CONSTITUTION DU 4 OCTOBRE 1958

QUINZIÈME LÉGISLATURE

Enregistré à la Présidence de l’Assemblée nationale le 31 mars 2022.

PROPOSITION DE RÉSOLUTION

invitant le Gouvernement à plus de dialogue avec les collectivités territoriales dans la gestion du service public des déchets,

présentée par

Mmes Valérie SIX et Béatrice DESCAMPS,

députées.


1

EXPOSÉ DES MOTIFS

Mesdames, Messieurs,

Mercredi 16 mars 2022 est paru au Journal officiel l’arrêté modifiant le cahier des charges de la filière de responsabilité élargie du producteur (REP) pour les emballages ménagers. Cette réforme prévoit que les éco‑organismes reprennent certains flux d’emballages en plastique. Les éco‑organismes seront ensuite chargés d’assurer à eux seuls le développement de filières industrielles.

La modification de ce cahier des charges s’inscrit dans le cadre de la construction d’une véritable « filière déchet », avec une massification d’un flux d’emballages plastiques normalisé afin de développer et d’investir dans des solutions de recyclage innovantes, notamment par voie chimique, et d’investir dans de nouvelles installations de surtri ([1]). Ces évolutions poursuivent des objectifs louables, qui permettront de « tendre vers l’objectif de 100 % de plastique recyclé d’ici le 1er janvier 2025 » ([2]).

Toutefois, cette réforme porte atteinte au rôle joué par les collectivités territoriales dans le service public du traitement des déchets. Rappelons que l’article L. 2224‑13 du code général des collectivités territoriales (CGCT) confie la responsabilité aux communes pour le traitement des déchets des ménages. Or, cette réforme du cahier des charges marque un changement de stratégie inquiétant, en donnant à l’éco‑organisme le contrôle exclusif de la plupart des flux de déchets d’emballages en plastique.

Les critiques portent tout d’abord sur la temporalité de ces nouvelles dispositions : le nouveau cahier des charges prévoit des objectifs qui excèdent la durée de l’agrément dont bénéficient les deux éco‑organismes de la filière emballages ménagers, prévu jusqu’au 21 décembre 2022. Il apparaît donc nécessaire de préciser les marges de manœuvre dont disposeront les parties prenantes de l’élaboration du futur agrément, pour la période courant à partir de 2023.

Concernant les mesures elles‑mêmes, le nouveau cahier des charges modifie profondément la place des collectivités territoriales dans la filière de recyclage des emballages plastiques ménagers. L’arrêté publié confie un rôle opérationnel obligatoire et exclusif à l’éco‑organisme dans la reprise des flux les plus moins qualitatifs (appelés « flux développement ») et des flux issus du tri simplifié des plastiques, mais aussi dans la gestion des refus de tri. Ainsi, à partir de 2026, la majeure partie des flux plastiques sera confiée aux éco‑organismes, puis exploitée par des acteurs privés du recyclage ayant contracté directement avec celui‑ci.

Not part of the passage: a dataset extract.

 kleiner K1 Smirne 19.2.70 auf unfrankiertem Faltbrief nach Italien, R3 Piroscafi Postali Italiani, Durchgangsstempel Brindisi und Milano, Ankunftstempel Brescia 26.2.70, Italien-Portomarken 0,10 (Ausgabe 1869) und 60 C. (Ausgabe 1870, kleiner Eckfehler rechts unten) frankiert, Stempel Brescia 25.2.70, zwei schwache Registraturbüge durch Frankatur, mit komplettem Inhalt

Se pose alors la question de la transparence sur le devenir de ces matières plastiques. Dans le système actuel, les repreneurs (entreprise ou fédérations d’entreprises) doivent apporter des preuves de recyclage aux collectivités. Or, rien n’est précisé pour les éco‑organismes. L’arrêté ne fait par ailleurs aucune mention d’éventuels contrôles ou sanctions encourues par les éco‑organismes qui ne réaliseraient pas leur objectif de 90 % de recyclage du flux développement à compter de 2025. Ce manque de transparence prive les collectivités d’un droit de regard sur une partie de la gestion des déchets, alors même que ce service public est soumis à un certain nombre de principes, comme la proximité dans le transport des déchets. Ce dernier doit permettre de « répondre aux enjeux environnementaux tout en contribuant au développement de filières professionnelles locales et pérennes ([3]) ». Or, aucune précision n’est faite dans ce cahier des charges à ce sujet. Enfin, le manque de transparence est d’autant plus grave que la reprise de ces flux par les éco‑organismes est financée via l’éco‑contribution, dont s’acquittent les consommateurs à l’achat d’un appareil électrique ou électronique, ou d’un bien d’ameublement.

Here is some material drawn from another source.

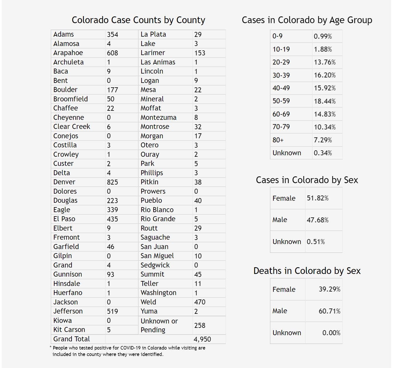 Colorado Coronavirus Cases By County: Sunday, April 5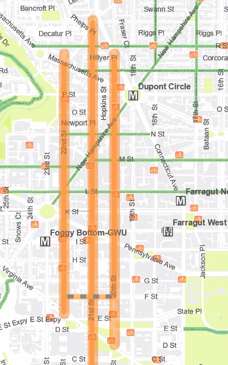 I support a north-south protected bike lane in this area. I also support making sure there are connected, protected bike lanes so neighbors in our side of East Dupont can safely bike to Foggy Bottom, the West End, and George Washington University. I heard multiple testimonies in the last couple weeks from some parents who have children at Ross Elementary, for example, who noted that Francis-Stevens is the middle school for Ross, and want a safer way to get there. This was included in the draft resolution. I have also heard a significant amount of testimony from residents in surrounding areas outside of Dupont who want safer ways to bike on their commute so they do not have to drive a car into the neighborhood.

En outre, un problème se pose lorsque les communes ont déjà consenti à des investissements importants en matière de recyclage. En effet, certaines d’entre elles ont procédé à des investissements importants dans des centres de tri capables d’effectuer un tri complet des plastiques. Une dérogation a toutefois été introduite pour permettre aux collectivités ayant déjà modernisé leur centre de tri (ou engagé une démarche de modernisation) de trier le standard « en développement » en plus de deux flux. L’idée est de permettre aux centres capables de réaliser un tri plus fin de ne pas avoir à investir pour limiter le tri aux deux flux prévus par l’arrêté.

Par ailleurs, cette réforme placera l’éco‑organisme dans une position de juge et partie dénoncée par la présente proposition. Par exemple, les refus de tris issus des centres de tri sont soumis à des critères de performance. Le respect de ses critères conditionne le financement de la reprise de ces flux. Or, en tant que repreneur unique, l’éco‑organisme sera alors seul juge pour estimer si les matériaux répondent aux critères définis et peuvent donner droit au versement d’un soutien. Il pourrait alors refuser des lots. Le contrôle du respect de la qualité du standard devrait donc être confié à une entité neutre.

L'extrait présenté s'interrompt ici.